Given data =>
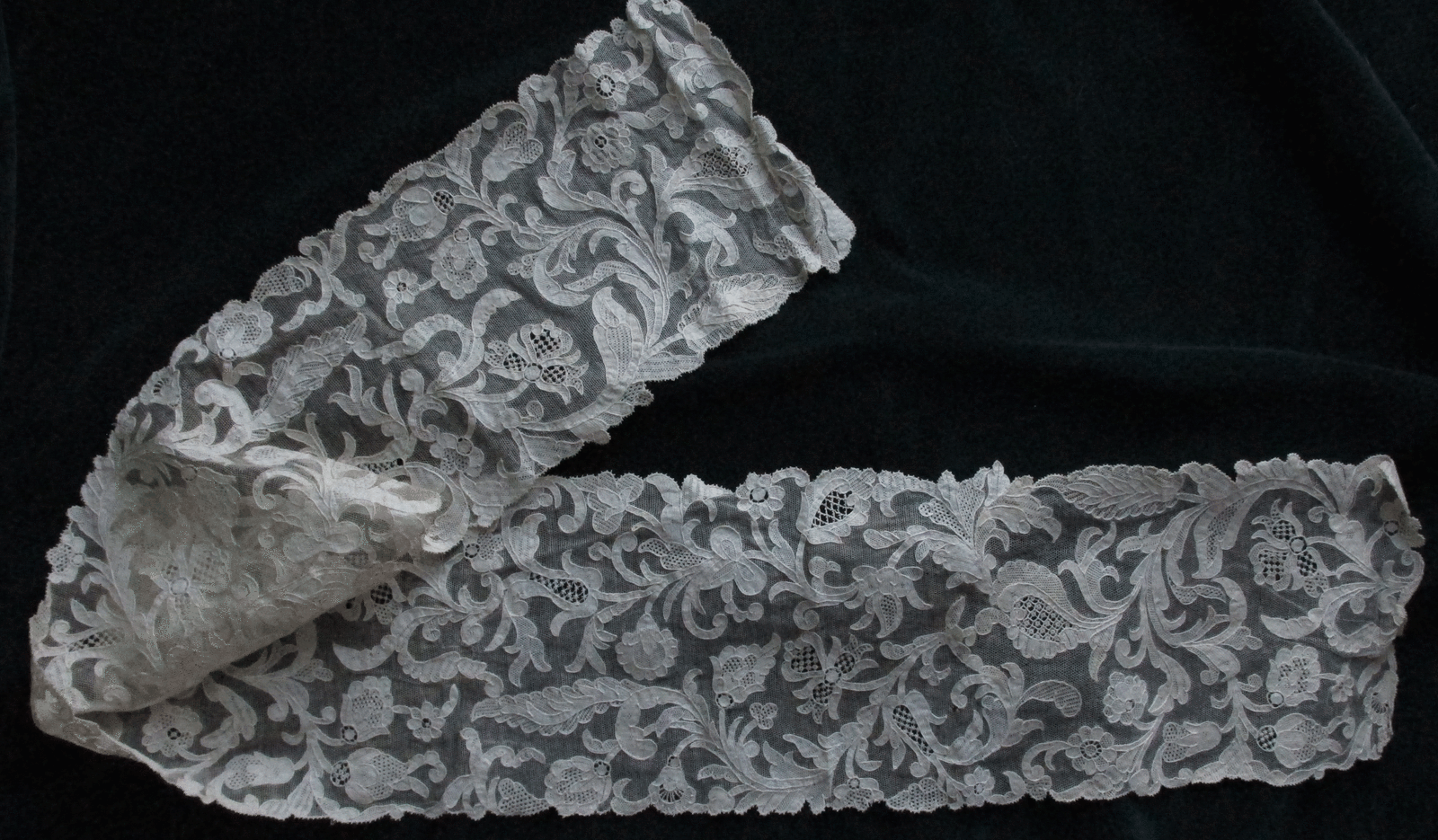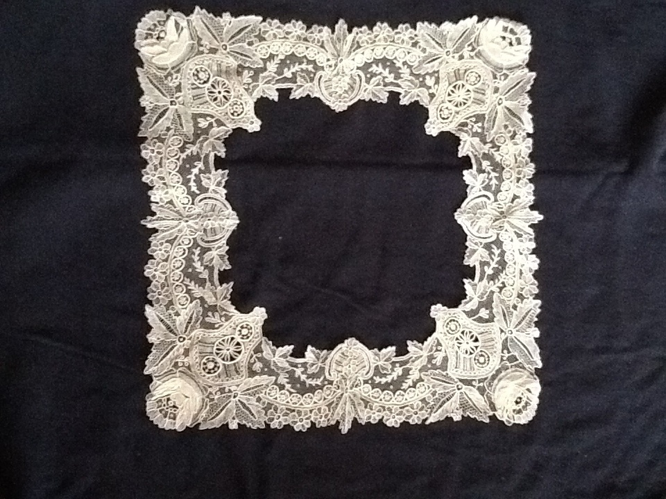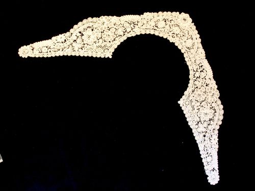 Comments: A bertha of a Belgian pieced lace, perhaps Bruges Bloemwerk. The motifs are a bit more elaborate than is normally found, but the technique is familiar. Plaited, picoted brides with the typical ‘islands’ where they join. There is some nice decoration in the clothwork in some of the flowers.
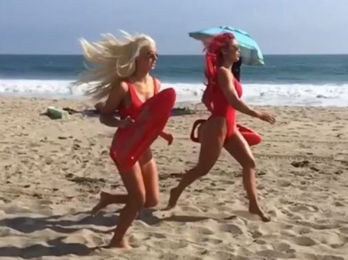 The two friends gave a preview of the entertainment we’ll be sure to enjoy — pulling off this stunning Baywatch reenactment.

==

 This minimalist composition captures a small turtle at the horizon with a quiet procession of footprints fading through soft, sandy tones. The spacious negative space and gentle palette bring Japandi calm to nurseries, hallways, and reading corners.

What is required =>
Exactly the lines above, from the one containing "Comments: A bertha" down to the one containing "The two friends", are to be repeated, including both ends. Pictures are not part of the copy.

Problem solution =>
 Comments: A bertha of a Belgian pieced lace, perhaps Bruges Bloemwerk. The motifs are a bit more elaborate than is normally found, but the technique is familiar. Plaited, picoted brides with the typical ‘islands’ where they join. There is some nice decoration in the clothwork in some of the flowers.
 The two friends gave a preview of the entertainment we’ll be sure to enjoy — pulling off this stunning Baywatch reenactment.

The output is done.